Some point later, Betty knows she's a mutant. It's been weeks of searching, months of unbearable pain, and no one who went out into the radiation so early should be able to be living and breathing. Her hands were never even frostbitten, even with all the snow and cold. She's a survivor.
And now she's survived being mutated.
She wakes up one late evening with the sun just setting and Betty struggles to her feet and faces the sun. Something is missing. It feels like there's a gap, a hole, nothing where something – anything – should be. And then it hits her. Her skin's not on fire anymore. It doesn't feel as if she could tear her own skin off. Her skin still prickles uncomfortably, but the mind-numbing pain doesn't exist anymore.
Awestruck, Betty peels off her jacket despite the cold air and runs one hand across the skin of the opposite arm. Immediately, she freezes, torn between being amazed and horrified.
Her skin is sticky.
Not enough for her skin to come off at her finger's touch, but enough that she can feel it. She feels an urge to run to the nearest science facility to observe herself and what the radiation did to her skin. Her head still pounds, her stomach still tumbles around, but her skin doesn't burn and it's sticky now.
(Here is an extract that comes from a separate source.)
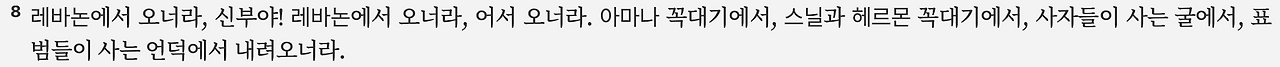 이 구절은 아가서에서 "신부"라는 단어가 처음 등장하는 부분이며, 이후 몇 차례 반복적으로 나타납니다. 여인이 들짐승이 출몰하는 험지에서 무엇을 하고 있었는지에 대해서는 확실치 않으며, 학자들 중 일부는 이것을 여인의 접근 불가능성을 상징하는 시적 장치로 이해하고 있습니다. 그러나 6절에서 나타난 남자의 접근을 암시하는 표현과는 모순될 수도 있어, 조화로운 해석이 필요합니다.
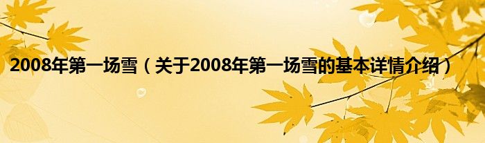 本文关于2008年第一场雪的基本详情介绍就讲解完毕,希望对大家有所帮助。

Betty unconsciously checks her hair, too, and is amazed to find it sticky, too, and no longer in strands. It's all clumped together and it reminds her of those old cartoons where hair seems more like a helmet than hair. She pulls a clump out and stares, shocked and amazed and a little terrified, too, at the bright pink clump of something in her hands.
She lifts it to her nose and sniffs it. It smells sweet, like candy, and Betty wonders if the candy that stuck to her as she wandered through the radiation-soaked rubble caused this.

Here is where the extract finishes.